*** Block opens ***
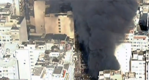 Um incêndio de grandes proporções atinge uma loja de material de festa na Avenida Nossa Senhora de Copacabana, número 616, entre as ruas Figueiredo Magalhães e Santa Clara, na zona sul da cidade. O prédio de três andares é comercial e os andares superiores são usados para estoque de material da própria loja. Ainda não há informações sobre feridos.
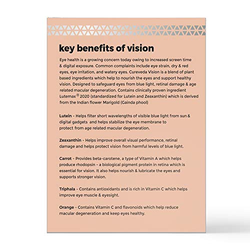 Contains clinically proven ingredient Lutemax 2020 (standardized for Lutein and Zeaxanthin) which is derived from the Indian flower Marigold or gainda phool. Lutein – Helps filter short wavelengths of visible blue light from sun & digital gadgets and helps stabilize the eye membrane to protect from age related macular degeneration. Zeaxanthin – Helps improve overall visual performance, retinal damage and helps protect vision from harmful levels of blue light.
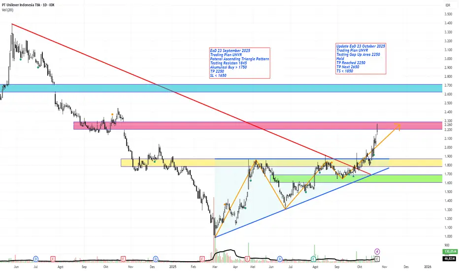Pada perdagangan hari ini, terlihat bahwa UNVR sukses breakout ascending triangle pattern; dan saat ini akan menguji gap up area 2250 yang menjadi resisten kuatnya saat ini, jika berlanjut maka akan menguji resisten gap up berikutnya di area 2650, naikkan trailling stop ke 1850.
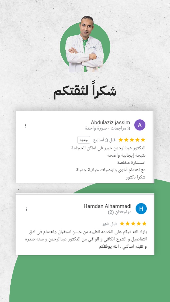 (fawwaz fraij)⭐⭐⭐⭐⭐ تجربه رائعه جدا جدا مع الدكتور عبد الرحمن المركز نضيف خدمه 5 نجوم الدكتور بشوش ايدو خفيفه. بقدم النصائح قبل و بعد الحجامه الأسعار مناسبه للجميع انصح الجميع يعمل حجامه عند الدكتور عبد الرحمن بإذن الله راح التزم مع المركز كل شهرين لازم يكون في زياره والشكر الخاص لدكتور و جميع العاملين في المركز
*** Block closes ***
• **YOUR GOAL**: Every line between the one containing "Contains clinically proven" and the end of the listing, both included, needs to be retyped exactly, minus the pictures.

• **SOLUTION FOR THIS TASK**:
 Contains clinically proven ingredient Lutemax 2020 (standardized for Lutein and Zeaxanthin) which is derived from the Indian flower Marigold or gainda phool. Lutein – Helps filter short wavelengths of visible blue light from sun & digital gadgets and helps stabilize the eye membrane to protect from age related macular degeneration. Zeaxanthin – Helps improve overall visual performance, retinal damage and helps protect vision from harmful levels of blue light.
Pada perdagangan hari ini, terlihat bahwa UNVR sukses breakout ascending triangle pattern; dan saat ini akan menguji gap up area 2250 yang menjadi resisten kuatnya saat ini, jika berlanjut maka akan menguji resisten gap up berikutnya di area 2650, naikkan trailling stop ke 1850.
 (fawwaz fraij)⭐⭐⭐⭐⭐ تجربه رائعه جدا جدا مع الدكتور عبد الرحمن المركز نضيف خدمه 5 نجوم الدكتور بشوش ايدو خفيفه. بقدم النصائح قبل و بعد الحجامه الأسعار مناسبه للجميع انصح الجميع يعمل حجامه عند الدكتور عبد الرحمن بإذن الله راح التزم مع المركز كل شهرين لازم يكون في زياره والشكر الخاص لدكتور و جميع العاملين في المركز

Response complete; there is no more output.